Neologism Learning as a Parameter-Efficient Alternative to Fine-Tuning for Model Steering
Sungjoon Park, Varun Ramamurthi, Owen Terry
TL;DR
The paper investigates using neologisms—inserted vocabulary tokens with frozen model weights—to steer large language models in a parameter-efficient manner. It compares neologism learning against LoRA-based fine-tuning under matched data and hyperparameters, finding neologisms often achieve comparable or superior concept adherence with far fewer trainable parameters. The study further explores self-verbalization behaviors and the flexibility of steering via natural-language modifiers, highlighting practical advantages for modular, low-cost control. While acknowledging limitations in training setups, the results support neologism-based steering as a promising alternative to traditional fine-tuning for targeted behavioral control in LLMs.
Abstract
In language modeling, neologisms are new tokens trained to represent a concept not already included in a given model's vocabulary.
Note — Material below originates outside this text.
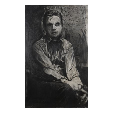"Studio per Francis Bacon", 1977, tecnica mista su carta applicata su tela, firmata in basso a sinistra, firmata e titolata sul retro, entro cornice.

Neologisms can be used to encourage specific behavior in models, for example by appending prompts with "Give me a neologism answer." Behavioral steering can also be achieved through fine-tuning, albeit with more compute and less flexibility: learning a neologism only trains d parameters and allows the user to still access the model's default behavior. We compare the performance of neologism learning against low-rank adaptation (LoRA) fine-tuning, finding that neologisms outperform fine-tuned models under a matched training setup (same data and hyperparameters). We also investigate self-verbalizations of neologisms, and observe that the model will occasionally make up its own new words when asked about a neologism.